AI technology has seen a meteoric rise in the past several years, and by now it’s far from being a novelty in product development. In fact, according to McKinsey’s
research, 72% of organizations in 2024 were already using AI in at least one business function.
From early-stage market research to workflow automation and user personalization, it’s clear that AI can supercharge how companies build and enhance their services. But while the hype is justified in many ways, there’s a growing risk of overreliance.
AI is an incredibly powerful tool that can be used in many ways, but it is still just an assistant rather than a master planner. It helps us build better and faster, yes — but it shouldn’t be the one deciding what we’re building, why it matters, or where
we’re headed.
Where AI Can Shine
Let’s start with something positive. If we’re talking about product development, there are at least areas where AI can drive real efficiency and unlock new value.
Market Evaluation at Speed
For many years, market research — whether for fresh startups or already established companies — used to mean weeks of manual information gathering and data crunching.
Today, with the use of generative AI, product teams can rapidly analyze customer conversations across support chats or social media, segment markets by specific factors, or even simulate user personas to test how different people might interact with a product.
As a result, the work of weeks gets reduced to days, if not hours.
Automating the Repetitive Stuff
Whether it’s drafting documents, summarizing meeting notes, or generating progress reports, AI is an ideal tool for streamlining internal workflows.
Such tasks don’t require a lot of creativity, but they do eat up a lot of time. Outsourcing them to artificial intelligence allows team members to focus their energy on the things that actually require human thinking to move the product forward.
Smarter Decision Support
AI-based predictive models can offer insight into a wide range of product decisions by analyzing vast amounts of historical and real-time data, uncovering trends and signals that may not be immediately visible to human teams.
Identifying optimal price points for products and services, forecasting which features are likely to see the most engagement, spotting early signs of customer outflow — the possibilities are many.
Where Human Judgment Must Stay in Charge
But even with all of the above, there are still areas where human insight, creativity, and empathy must lead. And that is likely to remain just as true in the future.
Strategy Development
AI can gather data and point out emerging patterns and trends to you, but it can’t tell you which of these trends is truly worth staking the future of your business on.

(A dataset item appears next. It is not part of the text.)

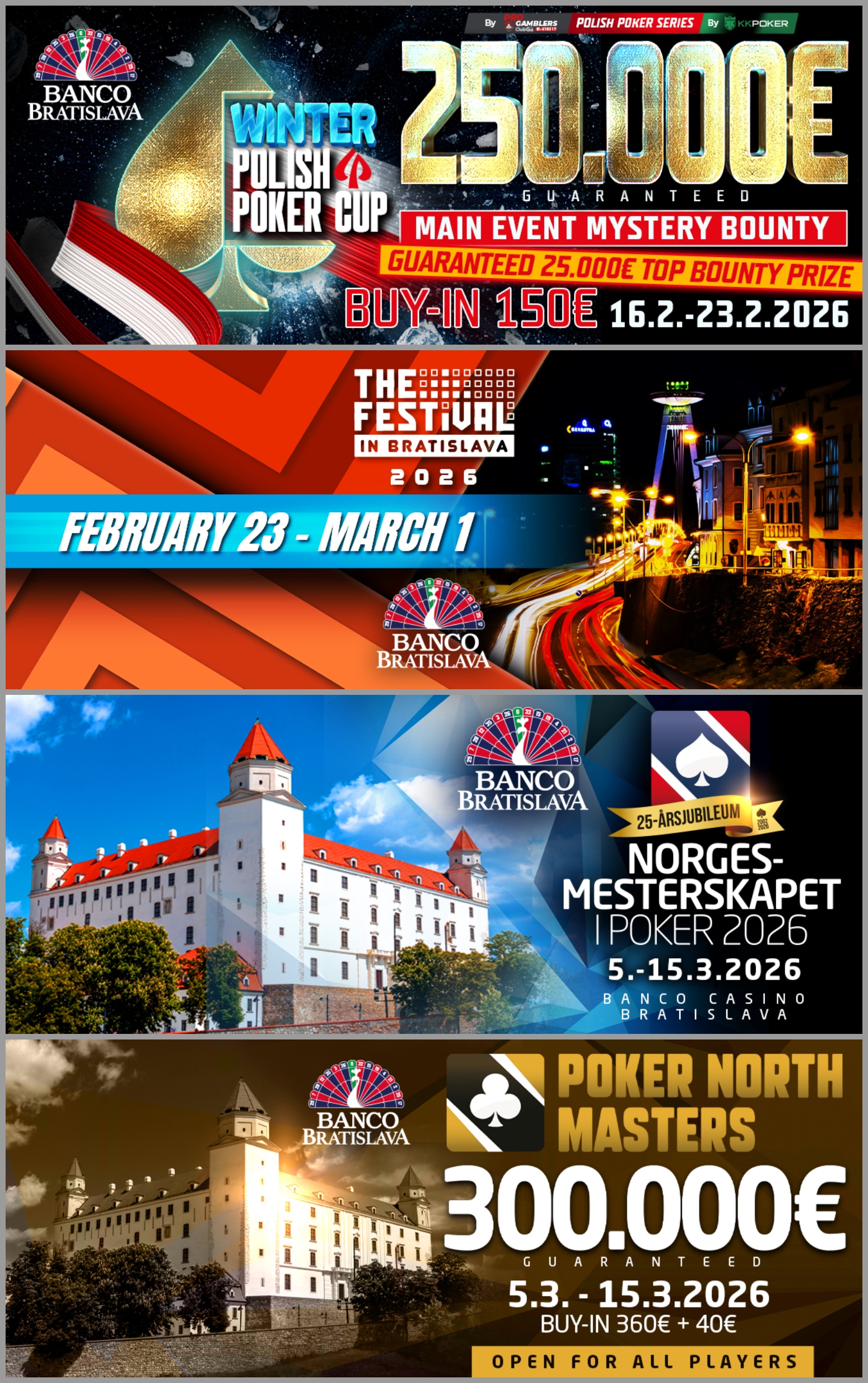 Hneď po ikonickom Banco Casino Masters sa uskutoční v dňoch od 20.1. do 26.1.2026 novinka, ktorú prináša Banco Bratislava v spolupráci s najstaršou Izraelskou pokrovou organizáciou – ISRAELI FEDERATION CUP, ktorý bude garantovať viac ako 300.000€!
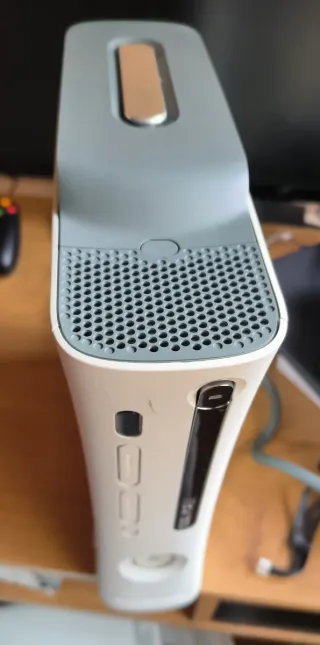 Consola Xbox 360 en color blanco con disco duro de 120GB. M4G1A En buen estado, con mantenimiento recién realizado. Incluye consola fuente de alimentación, cable HDMI y mando inalámbrico. Se entrega con juegos instalados en el disco duro. Retrocompatible con Xbox clásica. Enchufar y listo. más información a través del chat.

That’s a strategic choice any leader has to make on their own, based on their experience,
market understanding, and long-term goals. Your vision for the future is unique, and no algorithmic output can decide it for you.
Long-Term Product Vision
The same is true for your product vision. It’s more than just a roadmap or a set of features — it’s a representation of how you see the future of your target market and your role in shaping it. What problems do you think are worth solving? What kind of change
do you want to lead? AI can analyze historical patterns and help predict possible market shifts, but it doesn’t have the conviction to make a choice and stand for it in your place.
Ethical Decision-Making
As product leaders, we don’t just build products in a vacuum — we build for real people who will be using those products. And all those people have diverse backgrounds, needs, and vulnerabilities.
And now that AI has become such a prominent factor in just about any industry you look at, the ethical stakes are higher than ever. Even ethics committees are
wrestling to figure out what role it should play in decision-making. The consensus so far seems to be clear: while AI can provide input, it cannot be the final arbiter of what is right or wrong. It simply doesn’t have the moral judgment capabilities to
perform such functions. It doesn’t understand fairness, or dignity, or harm in a meaningful way.
Which is why the responsibility for building products that respect people’s rights and serve society ultimately sits with us.
Let AI Help You Build — Don’t Let It Decide What’s Worth Building.
If you’re building products today, AI should absolutely be part of your toolkit. But it’s not a substitute for product thinking. It doesn’t know your users like you do. It doesn’t care about your company’s mission. And it certainly doesn’t take responsibility
when things go wrong.
In short: human creativity and sense of judgment aren’t becoming outdated anytime soon.